W najnowszym filmie o Jamesie Bondzie pojawi się Defender V8, więc Land Rover przygotował specjalną limitowaną wersję tego 525-konnego auta.
Za każdym razem, kiedy pojawiają się informacje o zbliżającej się premierze kolejnego filmu z Jamesem Bondem, fani zastanawiają się, jakie tym razem auta wystąpią na planie.
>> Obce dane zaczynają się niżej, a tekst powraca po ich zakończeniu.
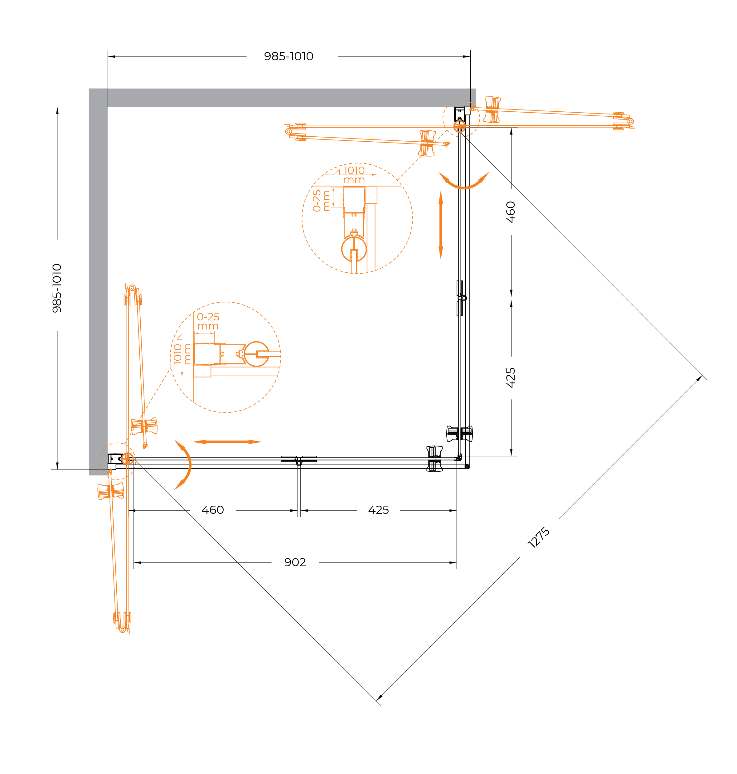 Регулировка ширины: предусмотрена за счет боковых профилей

W „No Time To Die”, czyli najnowszej odsłonie przygód agenta 007, zadebiutuje najmocniejszy Land Rover Defender w historii.
Wykończenie wersji Bond Edition nawiązuje do auta pojawiającego się w „No Time To Die”. Samochód ma więc 22-calowe czarne błyszczące obręcze kół Luna Gloss Black oraz jaskrawoniebieskie zaciski przednich tarcz hamulcowych. Z tyłu znalazła się tabliczka z napisem „Defender 007”, emblemat 007 jest też wyświetlany na ziemi obok przednich drzwi. Ponadto po włączeniu systemu multimedialnego na wyświetlaczu w środkowej konsoli pojawia się bondowska animacja.
Bond Edition bazuje na najmocniejszym seryjnym Defenderze w historii. Samochód otrzymał 5-litrowy silnik V8 ze sprężarką mechaniczną. Jednostka rozwija 525 KM i 625 Nm. Przyspieszenie od 0 do 100 km/h wynosi 5,2 s.
Odmiana Bond Edition będzie dostępna w dwóch wersjach nadwoziowych: 90 i 110. Łącznie powstanie tylko 300 sztuk tego auta, przy czym na rynek brytyjski przeznaczono 15 samochodów.
„No Time To Die” to już 25. film o Jamesie Bondzie i piąty, w którym rolę agenta 007 gra Daniel Craig. Obraz trafi do polskich kin w październiku 2021 r. Na planie pojawią się także Range Rover Sport SVR oraz dwa klasyczne samochody: Range Rover pierwszej generacji (1970-1995) i Land Rover Series III (1971-1984).
Land Rover pierwszy raz w filmie o Bondzie wystąpił aż 38 lat temu.